[What you need to do]
In the listing below, start your output at the line with "We sat close" and end it after the line with "أصدرت محافظة دير", copying every line exactly.

[Supplied material]
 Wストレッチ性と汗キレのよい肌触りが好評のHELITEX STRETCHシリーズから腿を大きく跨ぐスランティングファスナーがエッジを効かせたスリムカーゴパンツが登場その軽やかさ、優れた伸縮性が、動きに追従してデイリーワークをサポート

* * *

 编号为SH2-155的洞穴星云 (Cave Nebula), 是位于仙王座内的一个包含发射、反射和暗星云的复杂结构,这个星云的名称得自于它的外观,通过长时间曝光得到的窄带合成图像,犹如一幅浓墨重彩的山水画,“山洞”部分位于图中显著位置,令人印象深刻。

---

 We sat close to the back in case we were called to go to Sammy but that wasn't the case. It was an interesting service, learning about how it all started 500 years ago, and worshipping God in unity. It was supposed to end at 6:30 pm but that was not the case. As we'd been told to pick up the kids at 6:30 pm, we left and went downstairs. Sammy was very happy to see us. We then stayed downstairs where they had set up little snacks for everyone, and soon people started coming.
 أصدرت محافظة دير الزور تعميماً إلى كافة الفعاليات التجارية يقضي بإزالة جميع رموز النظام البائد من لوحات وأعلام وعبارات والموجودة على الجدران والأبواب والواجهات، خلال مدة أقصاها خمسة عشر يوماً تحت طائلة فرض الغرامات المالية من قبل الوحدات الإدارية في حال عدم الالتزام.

[Task result]
 We sat close to the back in case we were called to go to Sammy but that wasn't the case. It was an interesting service, learning about how it all started 500 years ago, and worshipping God in unity. It was supposed to end at 6:30 pm but that was not the case. As we'd been told to pick up the kids at 6:30 pm, we left and went downstairs. Sammy was very happy to see us. We then stayed downstairs where they had set up little snacks for everyone, and soon people started coming.
 أصدرت محافظة دير الزور تعميماً إلى كافة الفعاليات التجارية يقضي بإزالة جميع رموز النظام البائد من لوحات وأعلام وعبارات والموجودة على الجدران والأبواب والواجهات، خلال مدة أقصاها خمسة عشر يوماً تحت طائلة فرض الغرامات المالية من قبل الوحدات الإدارية في حال عدم الالتزام.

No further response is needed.